4.2 Transformer Architecture

Encoder:
Input → Embedding → Positional Encoding
     → [Multi-Head Self-Attention → Add&Norm
       → Feed Forward → Add&Norm] × N layers
     → Encoder Output

Decoder:
Output → Embedding → Positional Encoding
      → [Masked Multi-Head Self-Attention → Add&Norm
        → Multi-Head Cross-Attention (K,V from encoder) → Add&Norm
        → Feed Forward → Add&Norm] × N layers
      → Linear → Softmax → Output probabilities

Positional Encoding:

PE(pos, 2i)   = sin(pos / 10000^(2i/d_model))
PE(pos, 2i+1) = cos(pos / 10000^(2i/d_model))

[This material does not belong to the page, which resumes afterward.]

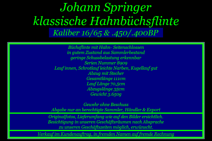 Johann Springer / Wien Büchsflinte mit Hahnschlossen Kaliber 16/65 & .450/.400BP

4.3 BERT (Bidirectional Encoder Representations from Transformers)

Pre-training Tasks:

MLM (Masked Language Modeling): 15% tokens masked, model predicts them
NSP (Next Sentence Prediction): Predict if sentence B follows A

Fine-tuning for downstream tasks:

from transformers import BertForSequenceClassification, BertTokenizer

tokenizer = BertTokenizer.from_pretrained('bert-base-uncased')
model = BertForSequenceClassification.from_pretrained('bert-base-uncased', num_labels=2)

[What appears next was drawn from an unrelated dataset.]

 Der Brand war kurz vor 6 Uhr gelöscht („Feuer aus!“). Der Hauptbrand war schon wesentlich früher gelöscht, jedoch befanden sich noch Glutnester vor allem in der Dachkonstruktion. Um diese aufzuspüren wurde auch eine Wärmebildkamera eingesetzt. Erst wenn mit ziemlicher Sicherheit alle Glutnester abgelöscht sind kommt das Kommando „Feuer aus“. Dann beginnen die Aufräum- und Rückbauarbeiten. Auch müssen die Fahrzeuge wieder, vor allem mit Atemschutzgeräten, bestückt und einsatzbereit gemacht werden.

inputs = tokenizer("Hello, my dog is cute", return_tensors="pt")
outputs = model(**inputs)
logits = outputs.logits  # shape: (batch_size, num_labels)

BERT Variants:

| Model | Parameters | Key Difference | |-------|-----------|---------------| | BERT-Base | 110M | 12 layers, 12 heads | | BERT-Large | 340M | 24 layers, 16 heads | | DistilBERT | 66M | 40% smaller, 97% performance | | RoBERTa | 125M | Better pre-training (no NSP, more data) | | ALBERT | 12M | Parameter sharing, very small | | GPT-3/4 | 175B–1T+ | Decoder-only, generative |

Unit 5: Generative Adversarial Networks (GANs)

5.1 GAN Framework

GAN = Generator (G) + Discriminator (D)

Training Objective (minimax game):
min_G max_D V(D,G) = E[log D(x)] + E[log(1 - D(G(z)))]

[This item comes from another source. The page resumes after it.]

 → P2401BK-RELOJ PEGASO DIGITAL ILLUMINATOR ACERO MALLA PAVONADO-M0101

Generator: G(z) → fake data (z = random noise)
Discriminator: D(x) → probability x is real

G tries to fool D
D tries to distinguish real from fake

5.2 GAN Training Problems and Solutions

| Problem | Symptom | Solution | |---------|---------|---------| | Mode Collapse | G produces limited varieties | Minibatch discrimination, WGAN | | Training Instability | Loss oscillates wildly | WGAN, spectral normalization | | Vanishing Gradients | G gets no feedback | WGAN-GP, LS-GAN | | Non-convergence | D always wins or G always wins | Balance training steps, TTUR |

WGAN (Wasserstein GAN):

Instead of log loss, use Wasserstein distance:
D_loss = -E[D(real)] + E[D(fake)]
G_loss = -E[D(fake)]
Require: Lipschitz constraint (clip weights to [-c, c] or gradient penalty)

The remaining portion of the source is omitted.